PREDYC: Modeling Clinical Failure in Prostate Cancer Patients Based on a Two-stage Statistical Model

Sponsor
Institut Bergonié (Other)
Overall Status
Completed
CT.gov ID
NCT03979079
Collaborator
Institut National de la Santé Et de la Recherche Médicale, France (Other)
2,384
1
84
28.4

Study Details

Study Description

Brief Summary

Biomarker series can indicate disease progression and predict clinical endpoints. When a treatment is prescribed depending on the biomarker, confounding by indication might be introduced if the treatment modifies the marker profile and risk of failure.

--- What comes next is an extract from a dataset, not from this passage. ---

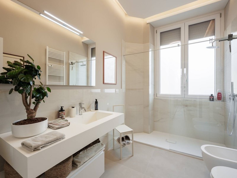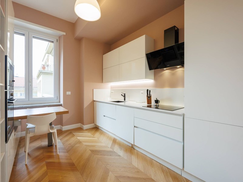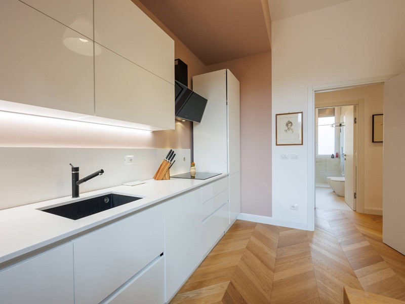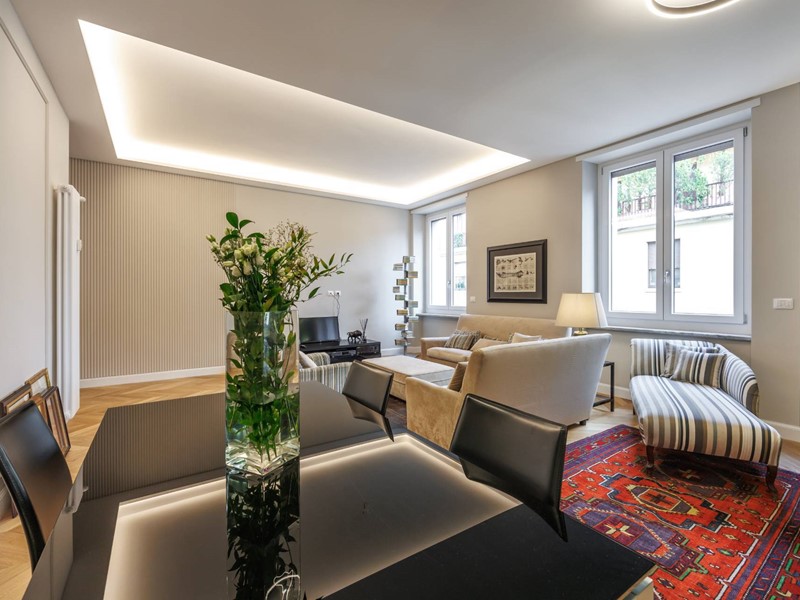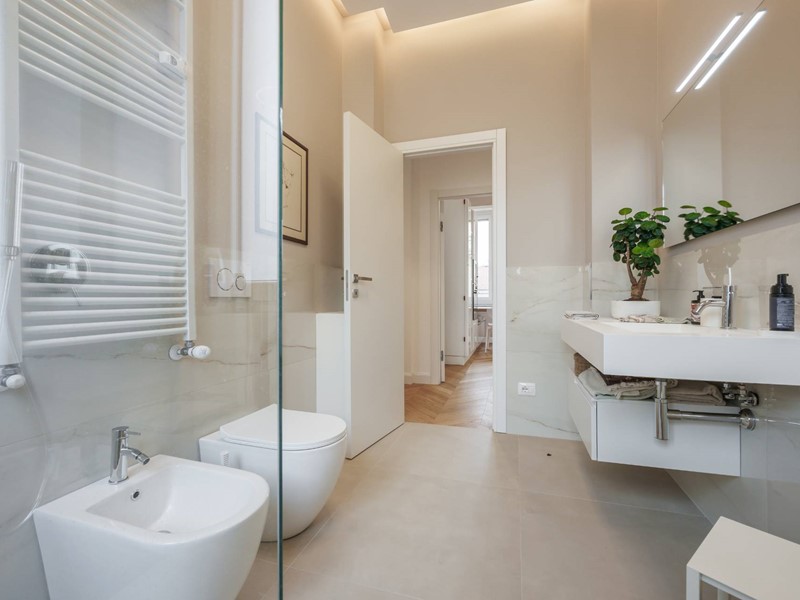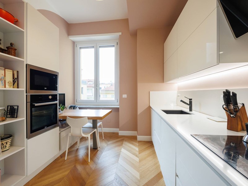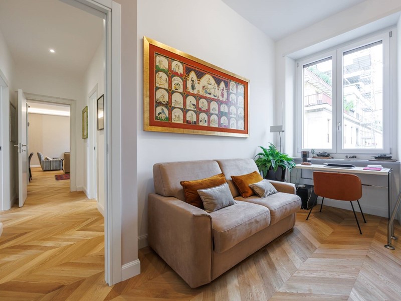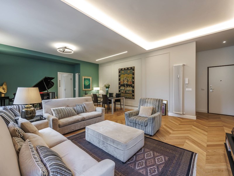 Lappartamento si distingue per la qualità della ristrutturazione, i colori ricercati delle pareti, lilluminazione studiata e lelegante parquet presente in tutti gli ambienti principali.

The two-stage model fitted within a Bayesian Markov Chain Monte Carlo framework is particularly flexible to account for such data. Prostate-specific antigens in prostate cancer patients treated with external beam radiation therapy can be monitored. In the presence of rising prostate-specific antigens after external beam radiation therapy, salvage hormone therapy can be prescribed to reduce both the prostate-specific antigens concentration and the risk of clinical failure, an illustration of confounding by indication. The prognostic value of hormone therapy and prostate-specific antigens trajectory on the risk of failure based on a two-stage model within a Bayesian framework to assess the role of the prostate-specific antigens profile on clinical failure while accounting for a secondary treatment prescribed by indication. the aim of this research is to model prostate specific antigens using a hierarchical piecewise linear trajectory with a random changepoint. Residual prostate-specific antigens variability can be expressed as a function of prostate-specific antigens concentration. Covariates in the survival model can include : hormone therapy, baseline characteristics, and individual predictions of the prostate-specific antigens nadir and timing and prostate-specific antigens slopes before and after the nadir as provided by the longitudinal process.

Condition or Disease Intervention/Treatment Phase
  • Radiation: external beam radiation therapy

Detailed Description

The two-stage modeling approach allows estimation of the regression coefficients in a time-dependent Cox model, while addressing the limitations with the knowledge of the true marker trajectory. In the first stage, the longitudinal process is modeled using a repeated measures component model, such as a random effects model. In the second stage, estimated characteristics of the longitudinal marker trajectory, such as slopes, are included as covariates in a survival model to assess their prognostic value.

Our aim was to highlight the flexibility of a two-stage model fitted within a Bayesian Markov Chain Monte Carlo (MCMC) framework. We applied this model to assess the prognostic value of the prostate-specific antigens (PSA) profile (level and timing of the nadir; pre- and post-nadir slopes) as well as salvage hormonal treatment (HT) on the risk of clinical failure following external beam radiation therapy (EBRT) in the presence of confounding by indication. We first present the longitudinal hierarchical PSA model that we developed earlier. This model was particularly flexible since it allowed us to account for the presence of a random changepoint as well as the modeling of the residual variability as a function of the PSA concentration. We next extend the longitudinal model to a two-stage model by using estimated parameters of the longitudinal process as covariates in a Cox proportional hazards model to assess prognostic factors of clinical failure including baseline characteristics, PSA trajectory, and HT.

Study Design

Study Type:
Observational
Actual Enrollment :
2384 participants
Observational Model:
Cohort
Time Perspective:
Retrospective
Official Title:
Modeling Clinical Failure in Prostate Cancer Patients Based on a Two-stage Statistical Model
Actual Study Start Date :
Jan 1, 2010
Actual Primary Completion Date :
Jan 1, 2017
Actual Study Completion Date :
Jan 1, 2017

Outcome Measures

Primary Outcome Measures

  1. Number of Participants With Clinical Failure After Initiation of Radiotherapy [within 10 years following initiation of radiotherapy]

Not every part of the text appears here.